Item 2.03 Creation of a Direct Financial Obligation or an Obligation under an Off-Balance Sheet Arrangement of a Registrant.
On March 26, 2020, Spire Inc. (“Spire”), as Borrower, entered into a new loan agreement (“Loan Agreement”) with the lenders party thereto, as Banks, including U.S. Bank National Association, as the Administrative Agent, and TD Bank, N.A., as Documentation Agent. Spire and its affiliates have or may have customary banking relationships with one or more of these lenders for the provision of a variety of financial services, including commercial paper dealer, pension fund trustee, cash management, investment banking, and lockbox services, none of which are material individually or in the aggregate with respect to any individual party.

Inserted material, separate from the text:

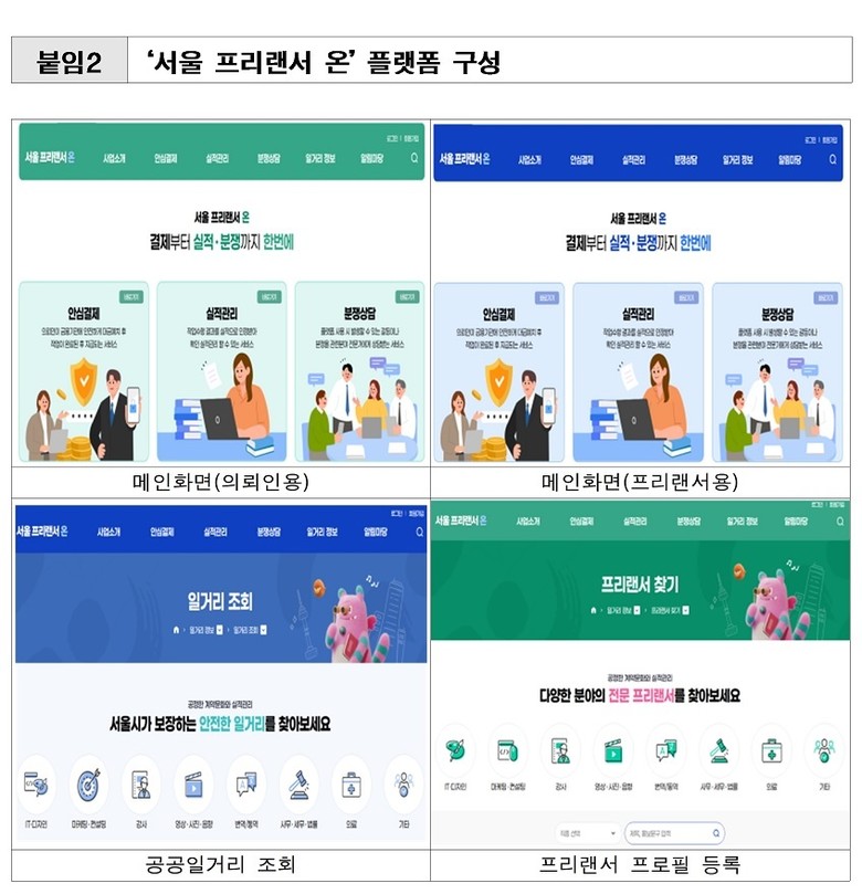 이용 편의성도 대폭 개선됐다. ‘서울 프리랜서 온’에는 서울시 사업 최초로 정부통합로그인(Any-ID) 서비스를 도입해, 별도의 프로그램 설치 없이 다양한 인증수단을 활용해 PC와 모바일에서 간편하게 가입·이용할 수 있다.

The Loan Agreement provides for a term loan of $150 million, which was fully funded on March 26, 2020, and which matures on March 25, 2021, subject to optional prepayment by Spire. Borrowings under the Loan Agreement bear interest at a rate determined by reference to the LIBOR Rate or the Base Rate (both terms as defined in the Loan Agreement), at Spire's option, plus 0.85% per annum in the case of LIBOR Rate Loans and 0.0% per annum in the case of Base Rate Loans.
The Loan Agreement contains customary affirmative and negative covenants, including, among other things, limitations on liens, acquisitions, investments, transactions with affiliates, changes in nature of business, sales of property and use of loan proceeds. The Loan Agreement also contains a financial covenant limiting Spire's consolidated debt to 70% of its consolidated capitalization at the end of each fiscal quarter. The calculation is more specifically described in the Loan Agreement. The Loan Agreement also contains customary events of default, including, without limitation, payment defaults, material inaccuracy of representations and warranties, certain events of bankruptcy and insolvency, cross defaults to certain other agreements, and the entry of certain judgments that are not timely appealed or satisfied. If an event of default occurs under the Loan Agreement, the Administrative Agent may, with the consent of the required lenders, or shall, upon the request of the required lenders, (i) terminate the lenders' commitments under the Loan Agreement, (ii) declare any outstanding loans under the Loan Agreement to be immediately due and payable, and (iii) exercise all other rights and remedies available under the transaction documents or applicable law.
Spire expects to use amounts borrowed under the Loan Agreement for working capital and general corporate purposes.
The foregoing summary of the Loan Agreement is not complete and is qualified in its entirety by reference to the full text of the Loan Agreement, which is filed as Exhibit 10.1 to this Current Report on Form 8-K and incorporated herein by reference.